De fato, a medida adotada pelo Governo americano acendeu o alerta também na Europa. A Comissão Europeia afirmou que o Brasil concordou em elevar os testes de segurança realizados sobre suas exportações de carne. O embargo à carne brasileira também pode chegar a prejudicar indiretamente os países vizinhos.
"Nunca é bom que um país vizinho sofra restrições por um tema sanitário. Isso coloca em alerta todo os países compradores. O que aconteceu no Brasil também nos preocupa, mas ainda não sofremos nenhuma consequência direta", diz Miguel Schiaritti, presidente da Câmara da Indústria e Comércio de Carnes da República Argentina (Ciccra). Desde 2001, quando a Argentina escondeu um surto de aftosa que contabilizou mais de 2.000 casos, os Estados Unidos e outros mercados pelo mundo baniram a carne argentina. Schiaritti acredita, no entanto, que neste ano, os dois países devem chegar a um acordo.

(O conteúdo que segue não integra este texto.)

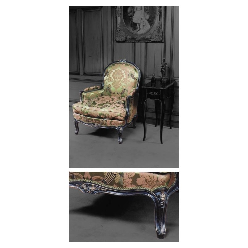 BERGERE "A LA REINE" Louis XV, Eric MARJOLET Caractéristiques: Bois: Hêtre. Tissu A - Cornucoppia (autre tissu: nous contacter). Teintes bois: BOURGOGNE, IVOIRE, VERT OLIVE, TURQUOISE, PIVOINE, CORAIL, NOIR Cliquez ici pour visualiser les teintes bois coordonnées ou Teinte au choix parmi le nuancier RAL (sans supplément de prix): Cliquez ici pour visualiser les teintes nuancier RAL Nous vous recontactons dès reception de votre commande pour valider ou définir vos teintes. Dimensions: Hauteur: 96 cm, Hauteur d'assise: 41 cm, Largeur: 68 cm, Profondeur: 63 cm.
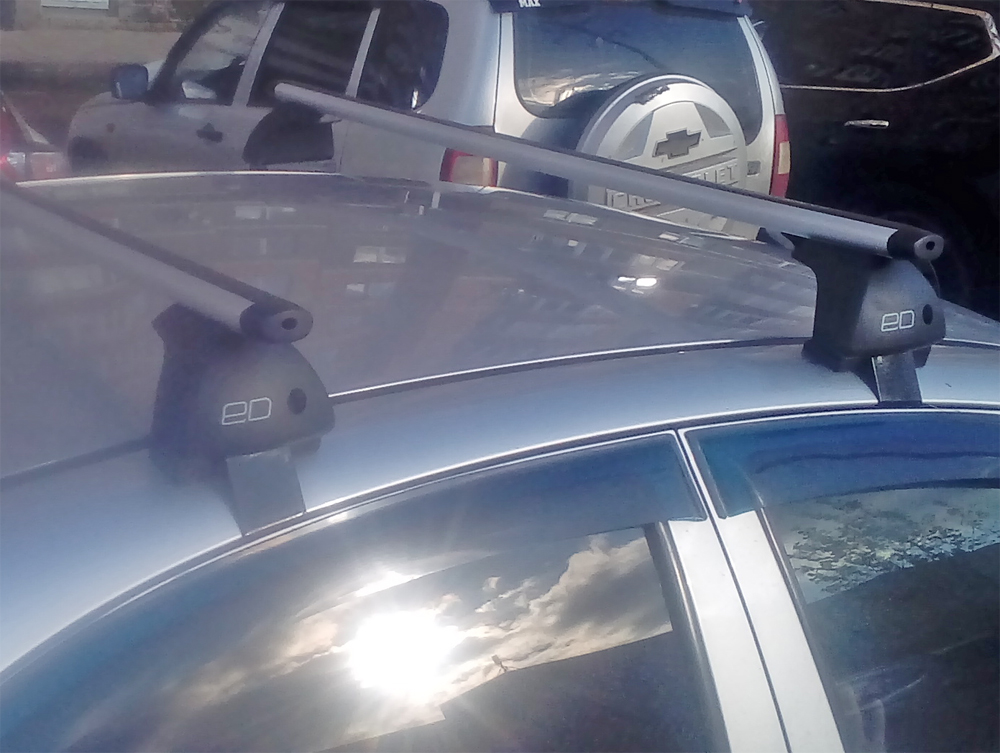 Автобагажник на крышу автомобиля Chevrolet Aveo 2002-11 sedan/hatchback - Евродеталь (Россия), аэродинамические дуги. Грузоподъемность до 75 кг
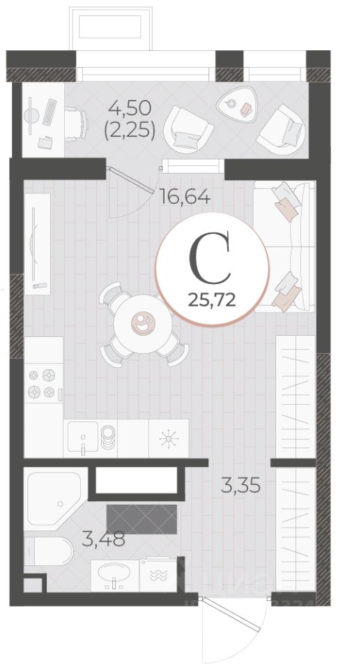 Общая площадь25,72 м2
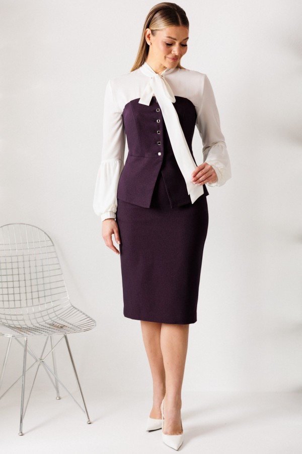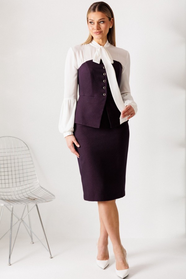 длина спинки корсета: 33 см длина юбки: 68 см рост: 164 см Материал: корсет, юбка: полиэстер 96% спандекс 4% ОПИСАНИЕ ТЕХНИЧЕСКОЕ: Этот нарядный костюм представляет собой элегантное и утонченное решение для особых случаев. Костюм состоит из корсета и юбки. Топ-корсет прилегающего силуэта с регилином по рельефам по переду и спинке, который обеспечивает дополнительную жёсткость и посадку на фигуре. Застёжка центральная бортовая на 6 петель и пуговиц. Низ переда фигурной заострённой формы, что подчёркивает элегантный силуэт. Модель идеально подходит для создания строгих, утонченных образов и может использоваться как в качестве элемента вечернего наряда, так и для повседневных образов с более нейтральными деталями. Наденьте его с нашей юбкой - это беспроигрышный дуэт, где игривость и строгость подчеркивают друг друга. Юбка прямая, зауженная к низу, сверху на притачном поясе. Застежка на тесьму-молнию в среднем шве, который переходит в шлицу. Костюм на подкладкеТаблица измерений изделия в готовом виде
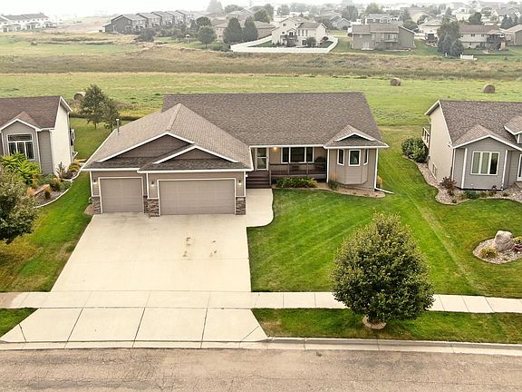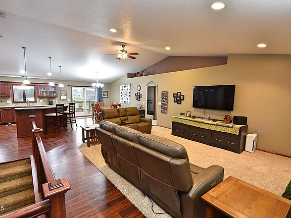 Spacious ranch, walk-out home in Horizon Heights, close to all schools! No backyard neighbors!! Wide open living room, dining room, kitchen as you enter home, vaulted ceiling! Maintenance free deck off dining room. Primary suite on one side, with laundry and entry from garage. Two bedrooms and bath on other side of main living area. Custom closets throughout! Granite kitchen countertops, under cabinet lighting. Lower level has a large, area with pool table and wet bar, with a family room and fireplace; two more bedrooms and a bathroom. Large utility room with storage. Walkout from lower level to paver patio and firepit area! Garage is insulated, sheetrocked and heated with water and floor drain. There is a kennel at the back of the garage that has a dog door out to an outdoor kennel. New roof and gutters 2023! Home was built by Hallmark Homes in 2009.
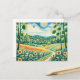 Pastelllandschaft mit Sonnenblumenfeldern und Pfad Postkarte
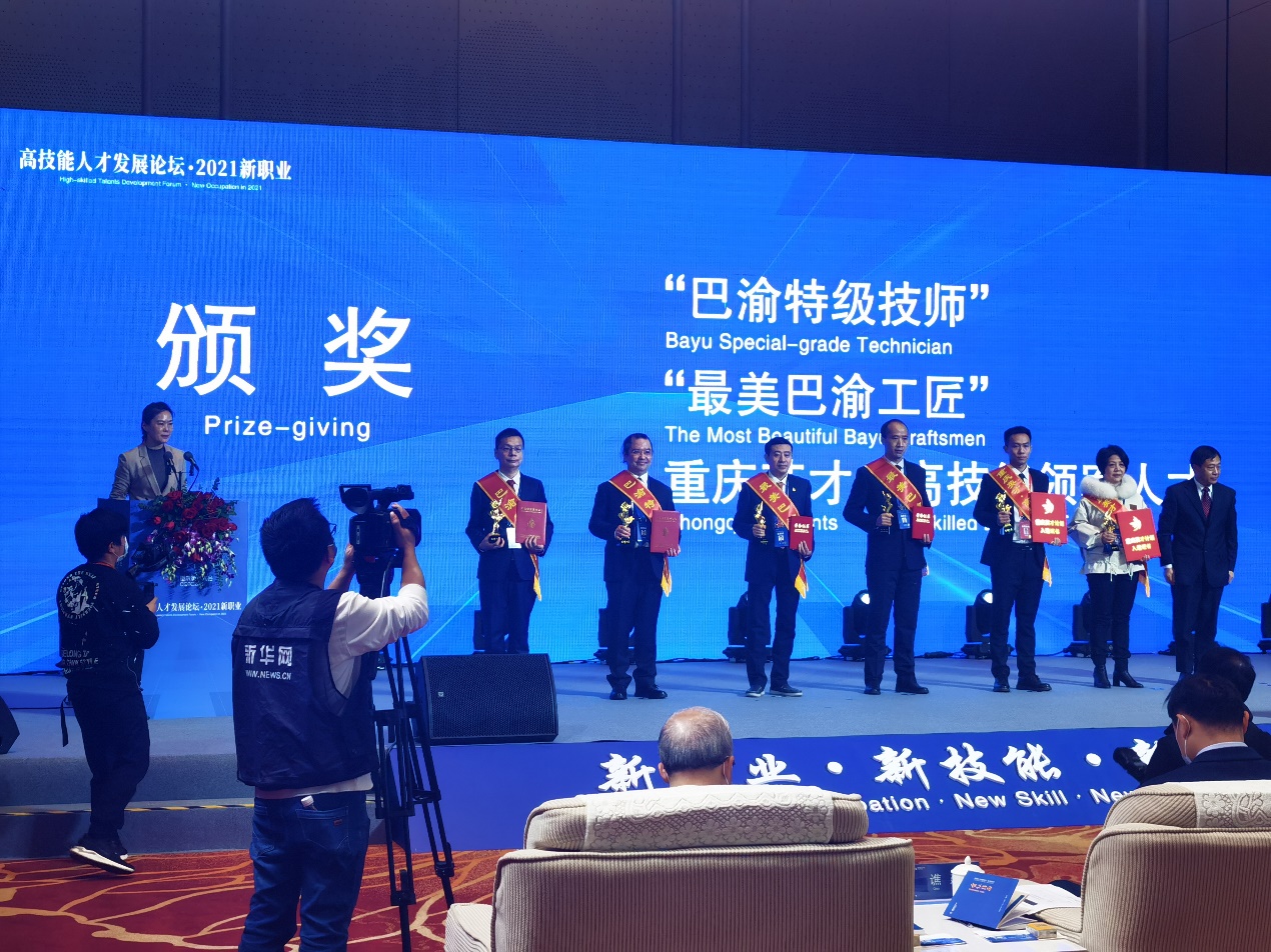 11月20日,在“2021重庆英才大会高技能人才发展论坛·2021新职业”主题活动上举行了“巴渝特级技师”颁奖仪式,pg国际人工智能与大数据学院教师鲁先志作为该领域代表上台领奖。

No Brasil, alguns focos de febre aftosa também foram identificados em 2005 no Mato Grosso, mas há anos o país exporta com status de livre da doença com aplicação de vacinas. "Somos o único país que conseguimos exportar com esse status de livre com vacina. Foi um esforço grande conseguir voltar a vender para os EUA, não podemos perder assim", explica Serigati da Agro FGV.
A ABIEC afirmou que não recebeu, até o momento, novas notificações de países referentes à suspensão de importações de carne bovina do Brasil. Em nota, a associação afirmou que medidas corretivas para adequação dos processos produtivos já estão sendo tomadas, buscando atender às exigências solicitadas pelo mercado norte-americano, para a retomada das exportações. "Considerando as questões técnicas e referentes à inspeção, acreditamos que o caso tenha sido resolvido. Aguardamos as medidas que serão tomadas com relação à vacina", diz a nota.